Woodstock bears the name of a real estate tract platted in 1889. At that time it was in vogue to name housing tracts after Sir Walter Scott's novels. In the Southeast part of Portland we have Woodstock, Ivanhoe, Kenilworth and Waverly (spelling is different from Waverleigh). The word "stoc" is an Anglo-Saxon word which means a stockaded place and woodstock means a place fortified with wooden posts. Woodstock had a post office, as a separate town, with its own postmark, beginning in 1891 and it lasted until 1912.
The town of Kenton, Oregon was platted by George F. Heusner in 1905. He envisioned an industrial community on the North end of Portland. Originally, he wanted to name the town Kenwood, but another addition to the city was already using the name, so he settled on Kenton.
Portland’s Hollywood district started taking shape along Sandy Road around 1900. It was originally called Hollyrood. In 1926, after the Hollywood Theatre opened, the area was renamed Hollywood.
You can’t talk about Portland history without talking about Bull Run, the source for Portland’s pure drinking water. Located in the western foothills of Mt. Hood, Bull Run was also a main source of electricity for Portland and in the early days, it boasted a town that had a Hotel, Gas Station, Grocery Store, Blacksmith and many other amenities that a modern town of the turn-of-the-century boasted of.
It is believed that the original settlement, which was christened Unavilla, was near to the present-day location of the Bull Run School. A post office was established there on May 6, 1893. This was about the time the pristine waters of the Bull Run Watershed were harnessed.

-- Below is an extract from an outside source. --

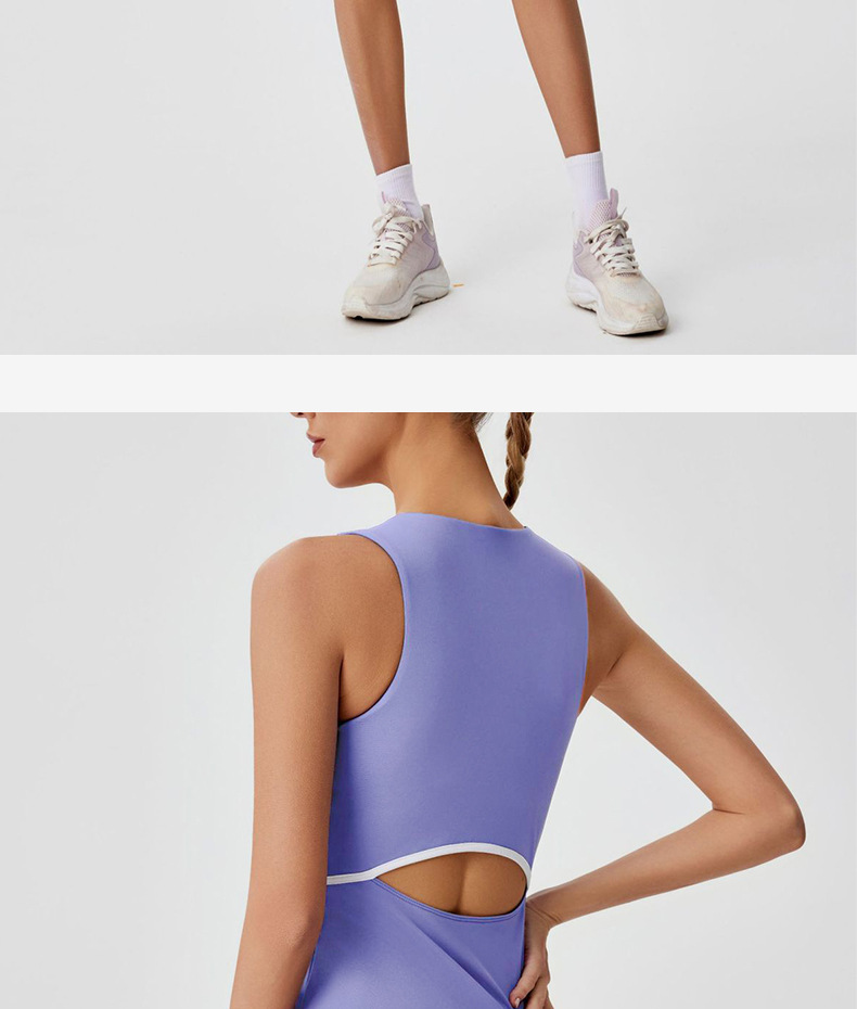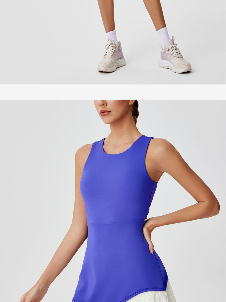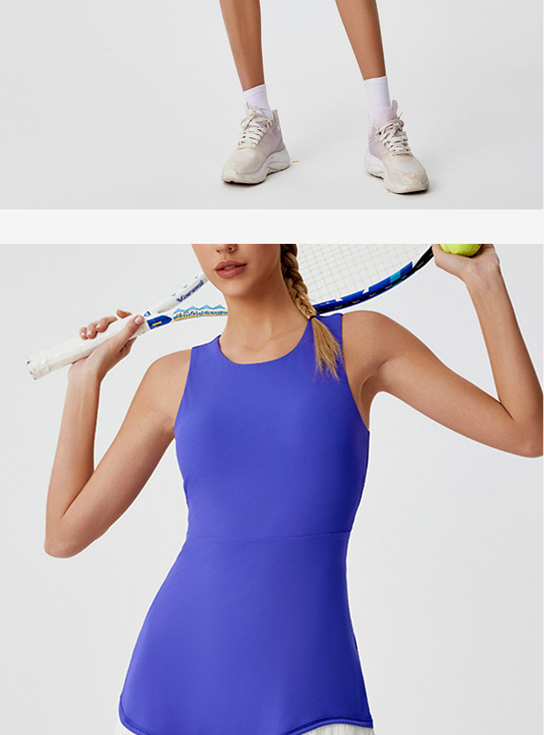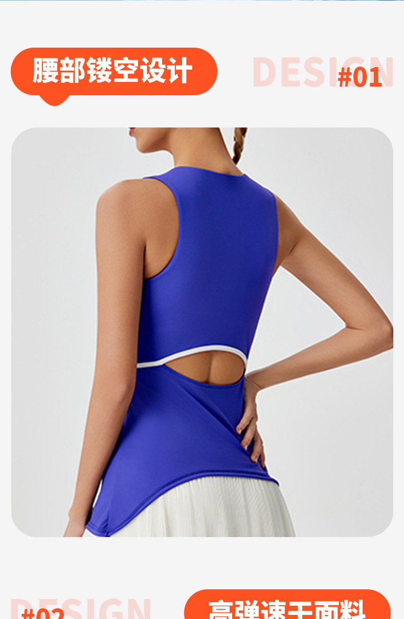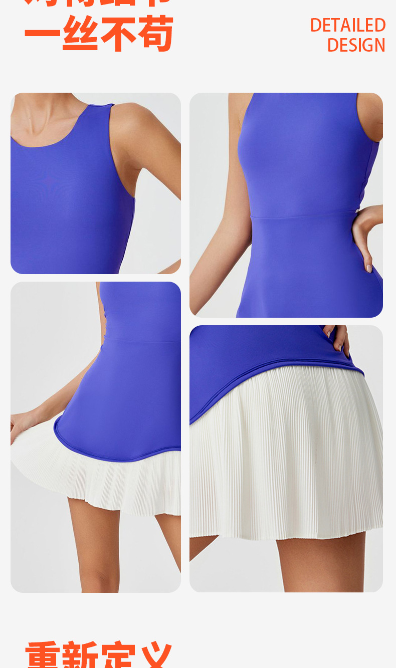 국경 간 여름 폭발 대비 색상 스티칭 주름 원피스 여성용 중공 퀵 드라이 테니스 스커트 민소매 요가 옷
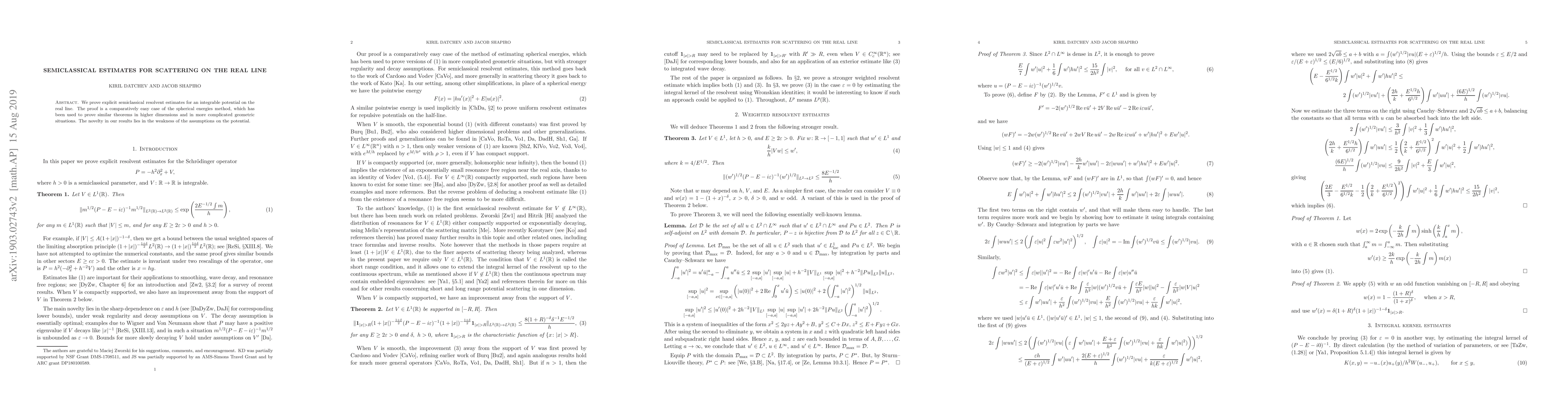 Summary: This paper presents explicit semiclassical resolvent estimates for an integrable potential on the real line using the spherical energies method, with a focus on the minimal assumptions required for the potential. The method is shown to be effective even in comparatively simple settings.

An elaborate water purification and delivery system was built to transport this water to the residents of Portland and the surrounding area.
Within a couple years, Bull Run outgrew Unavilla and the post office moved about a mile east to Bull Run on Nov. 22, 1895. There are plateaus above the Bull Run River, on the way to Marmot, where wild cattle ran free, hence the name “Bull Run”. The bulls had probably escaped from pioneers who came in Wagon Trains from the East on The Oregon Trail.